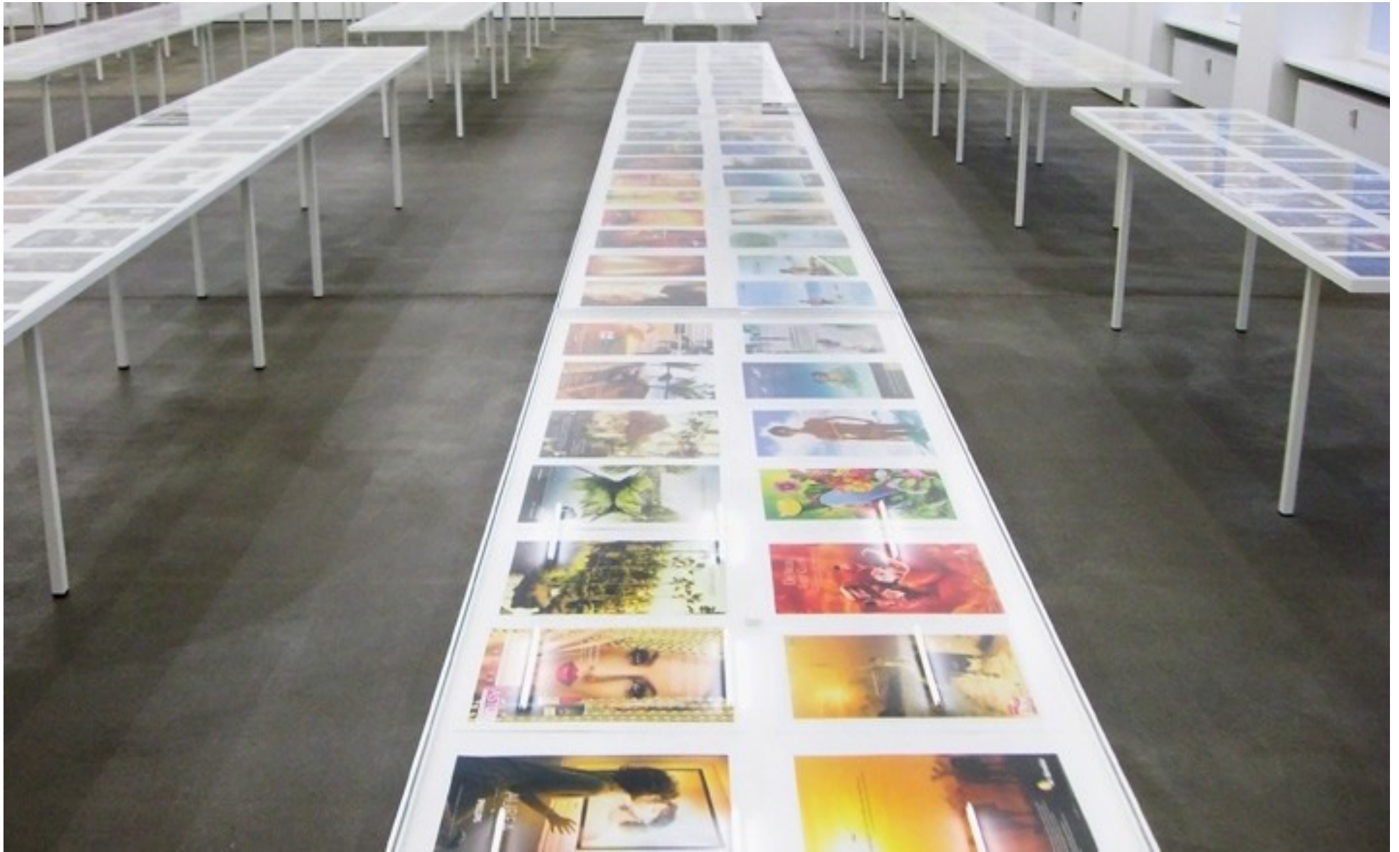
Fischli und Weiss „Sonne Mond und Sterne“, 2008
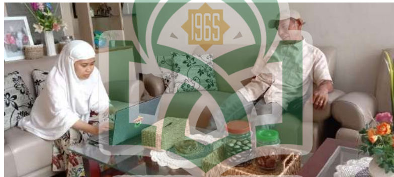
Wawancara dengan Puang Syaharuddin (Tokoh Masyarakat) tanggal 17 Juni 2022
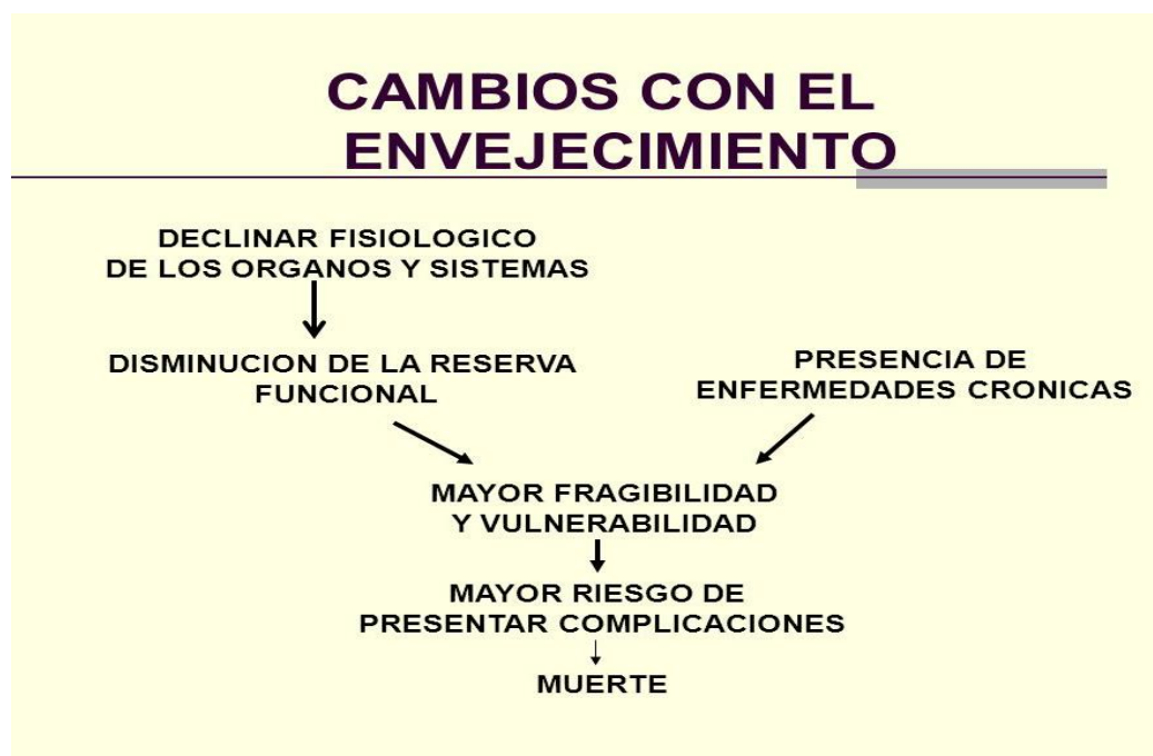
Figura 1 Cambios en el envejecimiento

Los cambios que se producen en el estado de salud de los adultos mayores se deben a que el sistema va deteriorándose con el tiempo y no se han realizado los cuidados necesarios en la calidad de vida durante la juventud y adultez. Los cambios en la salud pueden ser entendidos desde el ámbito psíquico y físico (Gamarra, s/f). Lo que se comprende como un proceso en el cual las personas tienen que adaptarse.
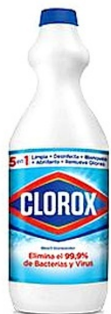
Clorox Original Bot. de 32 oz Reg. 1.79
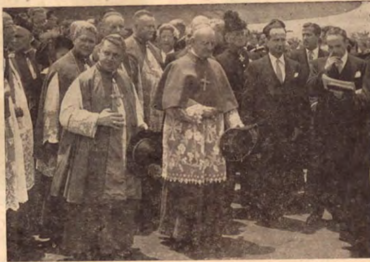
Los más altos Dignatarios de la Iglesia hacen acto de presencia en el Aeropuerto. Según esta foto de Schlicker, Su Eminencia el Arzobispo de Quito, Cardenal Carlos Mº de la Torre, Legado Pontificio al IIº Congreso Eucarístico Nacional, es acompañado por los altos Prelados y el Sr. Presidente de la República.

Después de las respectivas presentaciones de Su Eminencia y compañeros de viaje a los altos dignatarios de la iglesia de visita en el país, Arzobispos y Obispos de Guatemala, Honduras, El Salvador, Nicaragua, así como al Cuerpo Diplomático acreditado en Costa Rica, recibió los honores que le tributaron las Fuerzas Armadas, con salvas de veintidós cañonazos y la presencia ordenada y uniforme de las 1ª, 2ª y 3ª secciones de la Guardia Civil. Entre tanto una avioneta bicolor comenzó a revolotear sobre la concurrencia, dejando caer un sinnúmero de paraca-
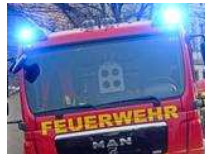
Unbeaufsichtigter Grill: Feuer schlägt über
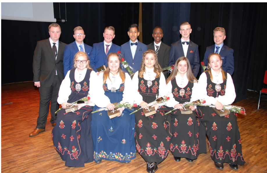
Tentro kull 2017.

Siste helga i april var det igjen duket for Tentro avslutning på Sjøborg. Dette høytidelige arrangementet har etterhvert blitt en årlig foreteelse. De tre menighetene Filadelfia Ulsteinvik, Sion Gurskøy og Ulsteinvik Bibelsenter har tydeligvis funnet et samlingspunkt som får masse positiv tilbakemelding og som vokser fra år til år.
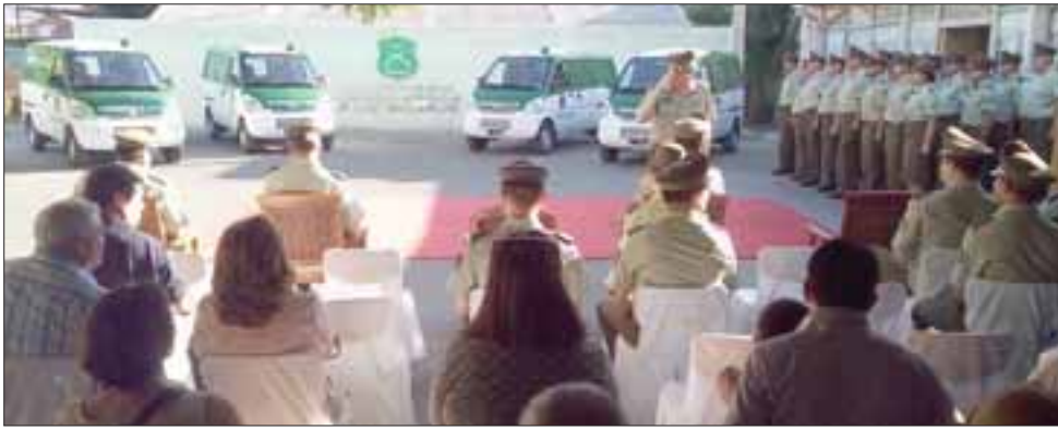
La Prefectura de Carabineros Aconcagua entregó este miércoles, cuatro nuevos vehículos utilitarios para labores de logística y transporte, a las comisarías de Los Andes, San Felipe y La Ligua.
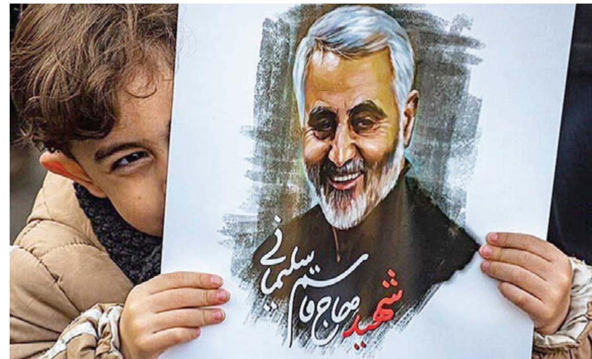
رئیس بنیاد شهید شهرستان همدان:
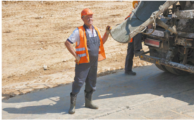
Строительство — важный сегмент экономики, поскольку обеспечивает стабильный спрос на материалы и оборудование, стимулирует развитие производств.

«Механизм комплексного развития территорий уже показал свою эффективность за два года его применения в Свердловской
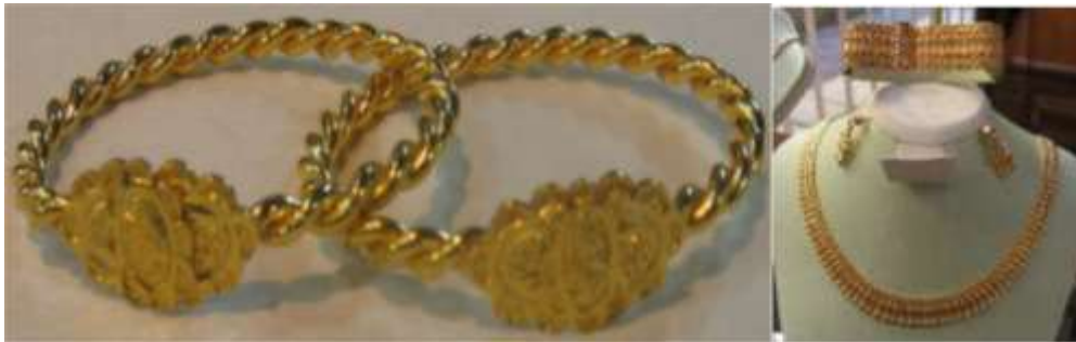
Şekil 7. Çeyizlerde yer alan Erzurum burması ve fantezi set takımı

Takı, halk dilinde çoğunlukla evlenen veya nişanlanan birine armağan edilen küpe, bilezik, yüzük gibi şeylerin tümü olarak tanımlanmaktadır. Takı, yapımında gelenek ve inançların önemli rol oynadığı, çoğu zaman madenden yapılan ve taşlarla süslenen, çoğunluğunu kadınların süslenmek amacıyla kullandıkları özel parçalardır (Anonim, 1970: 849). Diğer el sanatlarında olduğu gibi, takılarda da çeşitli desen ve motiflerden yararlanılarak süslemeler yapılmaktadır. Bu süslemeler genellikle maden süsleme teknikleri sonucu ortaya çıkmakta çeşitli taş ve boncuklar bu süslemeleri tamamlamaktadır (Özbağı, 1989: 27). Erzurum çeyizlerinde bulunan çeşitli takı örnekleri Şekil 7’de yer almaktadır
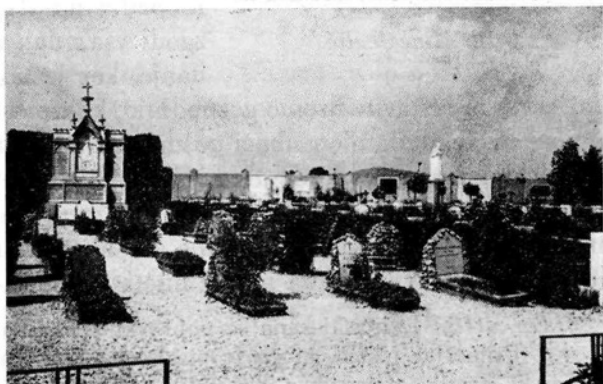
Uršulinski grobovi na ljubljanskem pokopališču

Mrtvim smo mi torej dolžniki. Zato hitimo k njim s cvetjem v rokah. In tedaj utihnejo v nas vse strasti, vse sovraštvo. Danes morda bolj kot kdaj
#####
Assignment:
The requested lines run from the one with "Uršulinski grobovi na" through the last line of the records. Return them exactly.

Response to this exercise:
Uršulinski grobovi na ljubljanskem pokopališču

Mrtvim smo mi torej dolžniki. Zato hitimo k njim s cvetjem v rokah. In tedaj utihnejo v nas vse strasti, vse sovraštvo. Danes morda bolj kot kdaj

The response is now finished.